"Tome of the Undergates" by Sam Sykes (Gollancz)

Tuesday, May 24, 2011

Tome of the Undergates
Sam Sykes
704 pp. Gollancz. £18.99
Pub. Date: 4/15/2010
ISBN-13: 9780575090286

Reviewed by Paul Stotts


Publisher Blurb: Adventurers. Long loathed for their knowledge of nothing beyond murder and thievery, they are the savages, zealots, heathens, monsters; the thugs of society. And Lenk, a young man with a sword in his hand and a voice in his head, counts them all as his sole and most hated of companions.

His otherwise trivial employment under an esteemed clergyman is interrupted when bloodthirsty and eloquent pirates, led by an ageless demon risen from the depths of the ocean, pilfer the object of their protection: the Tome of the Undergates, the key to opening a door that guards the mouths of hell. A hell the demons want out of.

Against titanic horrors from the deep, psychotic warrior women, and creatures forgotten by mankind, Lenk has only two weapons: a piece of steel and five companions who are as eager to kill each other as they are to retrieve the book.


Adolescent males. It's a group not known for their common sense or maturity. Someone pissing themselves is their idea of highbrow humor, and the butt equals comedic gold. Life for the high school boy is groin-centric. Every guy has gone through it. Most survive it and mature, looking back on those years with a mixture of regret and embarassment. Some remain stuck there forever, playing their Xbox 360 in the basement, hoping for a glimpse of pixellated boobie.

Tome of the Undergates by Sam Sykes is definitely written for the basement dweller. Sophomoric and scatological, Sykes' debut novel would have a proctologist screaming: Too much! Its immaturity hinders it. This isn't adult fantasy; this is the whiny rumblings of adolescence. Full of posturing and cluelessness. The proverbial rebel without a clue. The novel wants to be edgy, but in a PG-13 kind of way. All the good parts are clearly still in the R-rated material provided by George R.R. Martin and Joe Abercrombie.

Lenk and his crew of adventurers are essentially adolescents posing as adults. They are shallow emotionally. Their interactions are nothing more than juvenile bickering. The big idea is that Lenk and his companions hate each other. With the way they acted toward each other, I hated them way before the end of the novel, too. I found myself cheering for their demise.

The storyline is bookended by two battles with a small transition between them. It is a novella length plot stretched into a five hundred page novel. I like extended battle scenes, but not if it means sacrificing all of the story. What is left here is: boy loses item, boy fights to regain item. It is two action scenes done in a John Woo-style slo-mo. Except there are no white doves. Or Chow Yun-Fat.
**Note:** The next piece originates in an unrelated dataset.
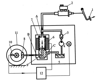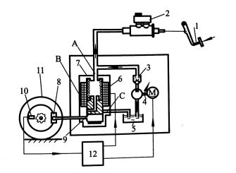 8一轮缸;9一柱塞;10-传感器;11一车轮;12-ECU

Let's keep this short, because I hate not having anything good to say about a book. Tome of the Undergates is terrible. About the only good thing I can say about it is: it ends. Just not soon enough.

2 comments:

Dottie (Tink's Place) said...

LOL! Love your review, right to the point!

Dottie :)

Ahimsa said...

You summed up my thoughts on this book entirely. Thank you.